ACTION ITEM:
Your task is to retype the lines from the opening of the material through the line that includes "- these shorts". Do not copy the pictures.

DATA BELOW:
########################################

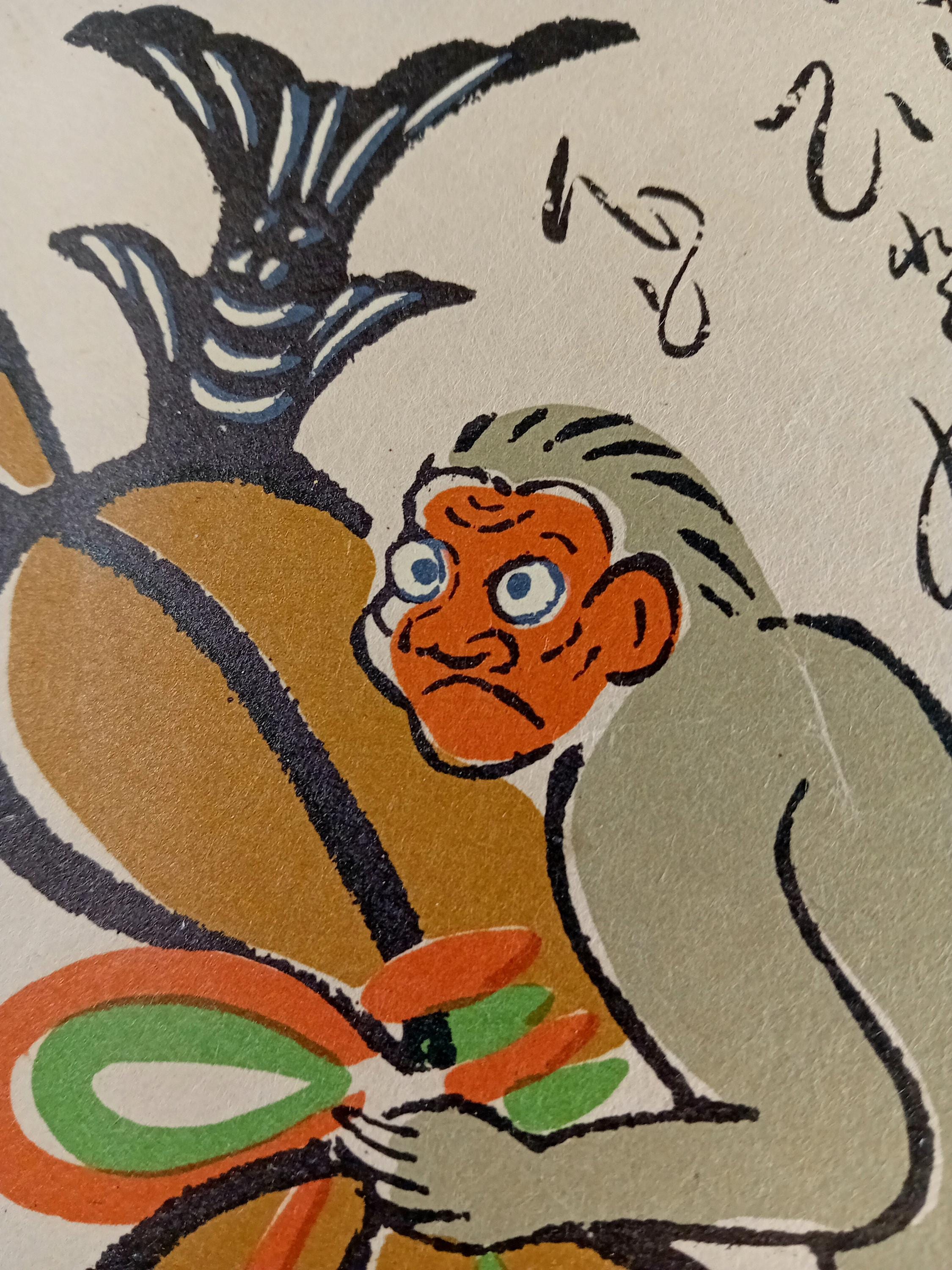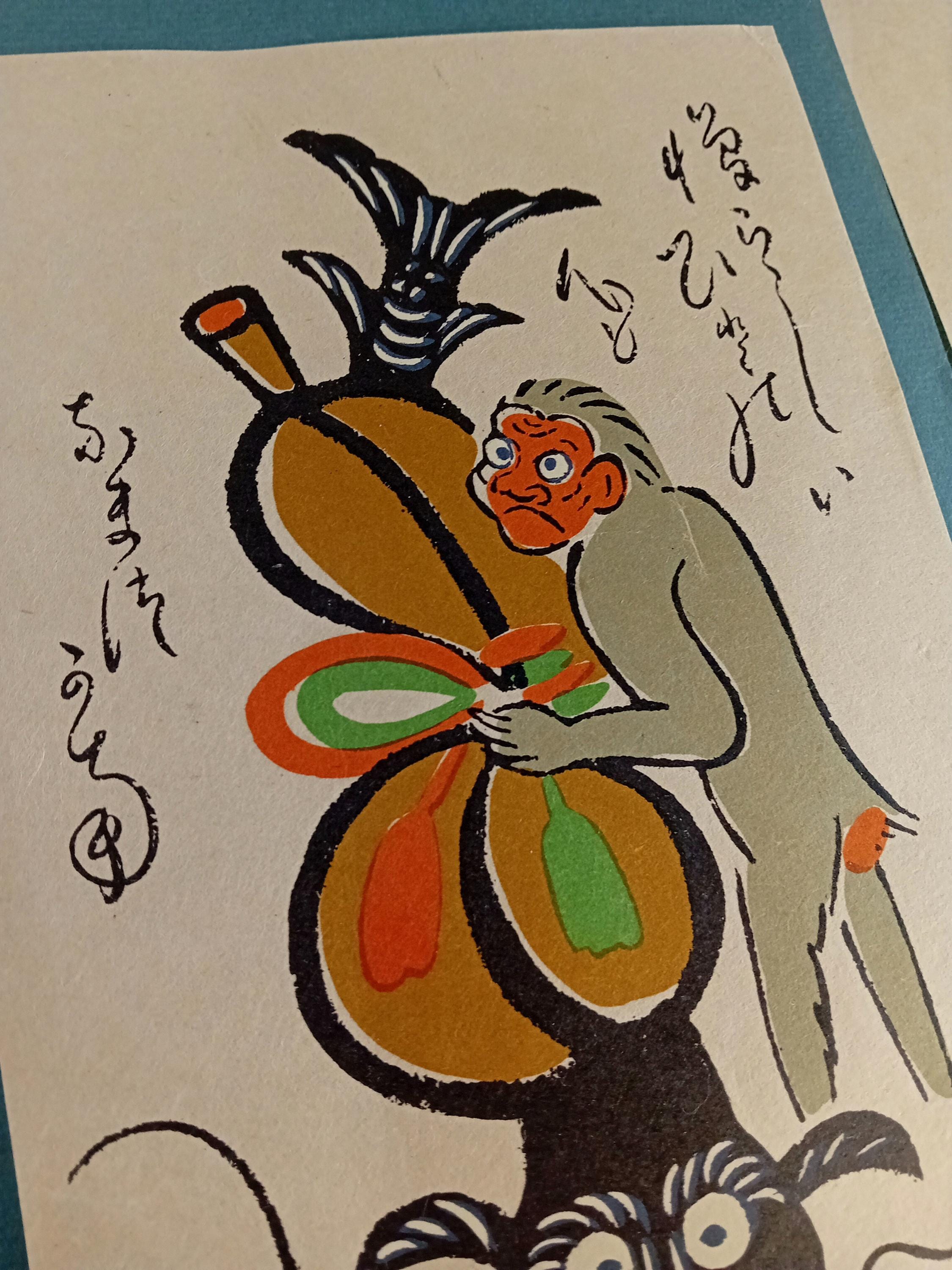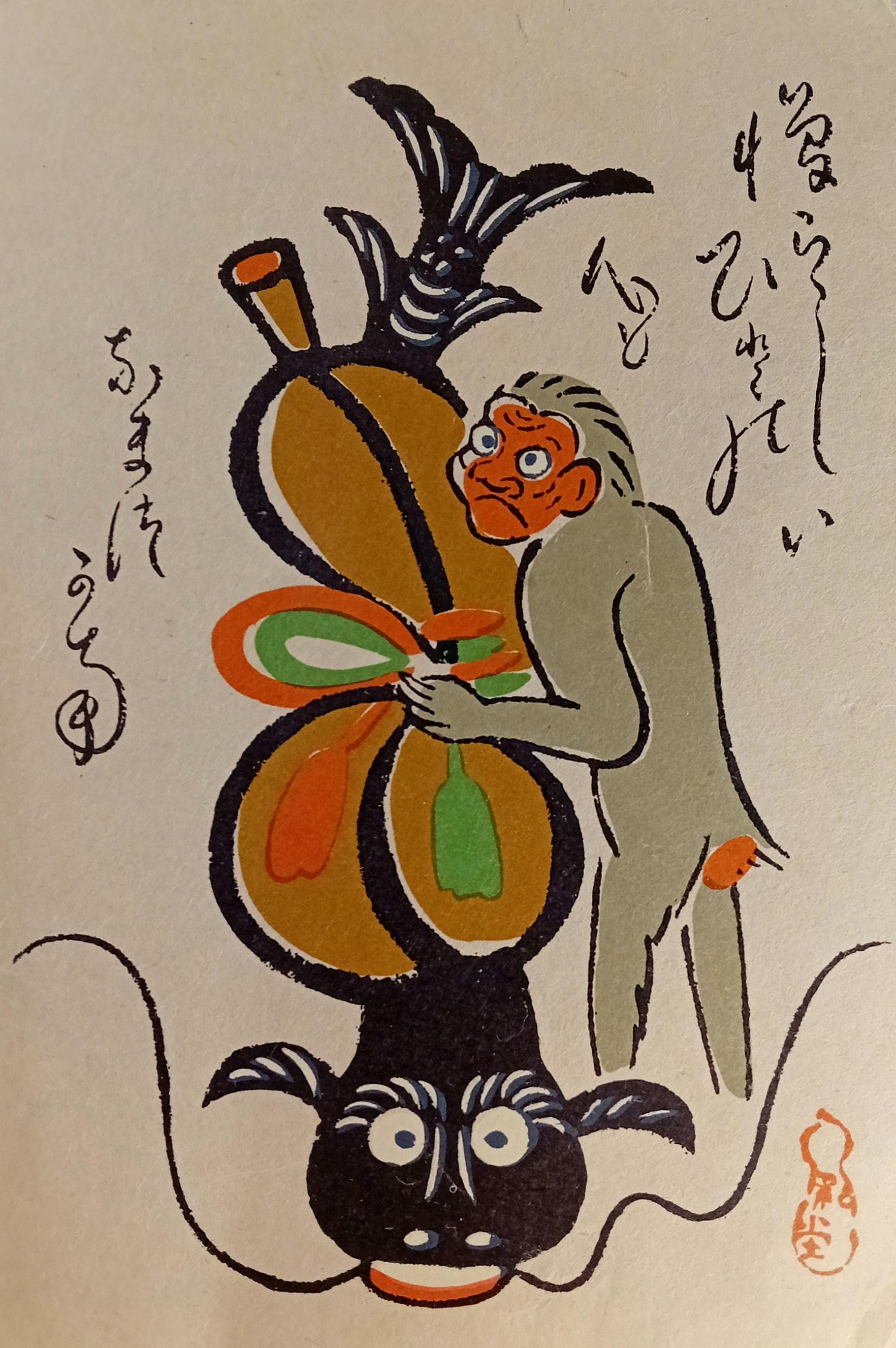 The visual language is flat-color, bold-outline, and folk-inspired, with an Ōtsu-e-like association (stylistic reference only).
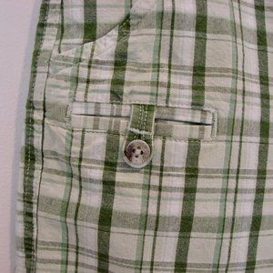 - these shorts feature a plaid pattern in shades of green with a zippered and button front, 2 front slash pockets with a small buttoned pocket, 2 back pockets with belt loops
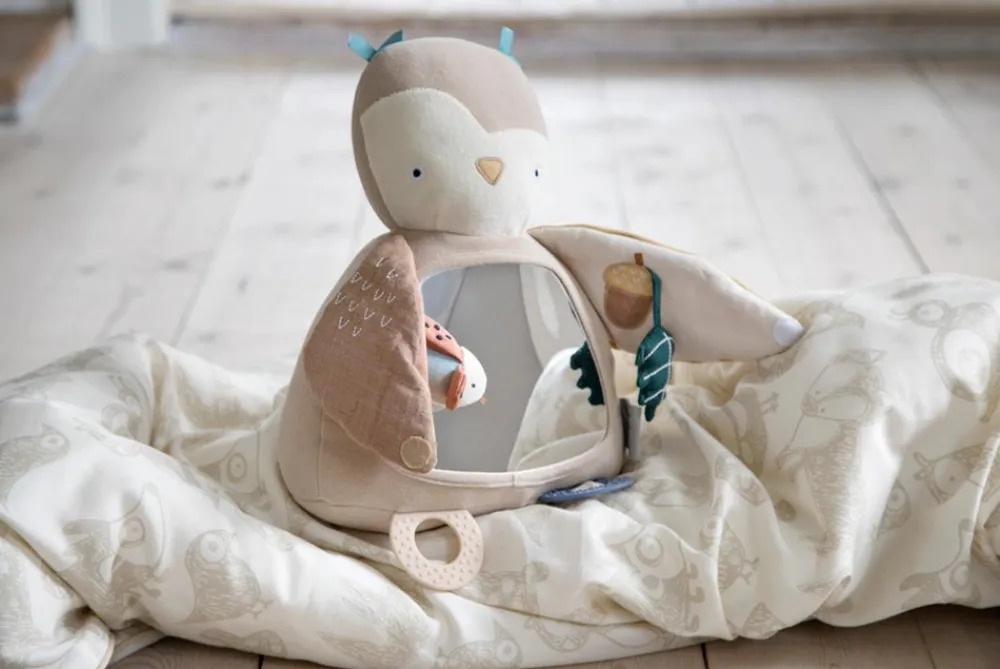 Sæt spejlet på gulvet og lad din baby skabe en bevidsthed om sig selv. Gulvspejlet stimulerer barnets nysgerrighed og lader det udforske sine egne ansigtsudtryk og bevægelser, hvilket med garanti vil skabe mange smil og grin. Blinky har to bideringe, som ligner dens ben og under vingerne gemmer der sig aktivitetslegetøj. I den ene vinge kommer en lille mariehøne med rangle frem fra en lomme og på den anden vinge, som inden i sig har et pibedyr, er et påsyet agern hvorud fra der kommer et blad med knitrepapir. Blinkys vinger kan lukkes foran spejlet med en lille velcrolukning, hvilket giver mulighed for at lege tit tit bøh leg, hvor barnet kommer frem i spejlet og bliver væk og kommer frem igen. På hovedet og bagpå har Blinky små nulreflapper og en tung bund gør, at uglen kan sidde pænt.

########################################

RESPONSE TO THE EXERCISE:
 The visual language is flat-color, bold-outline, and folk-inspired, with an Ōtsu-e-like association (stylistic reference only).
 - these shorts feature a plaid pattern in shades of green with a zippered and button front, 2 front slash pockets with a small buttoned pocket, 2 back pockets with belt loops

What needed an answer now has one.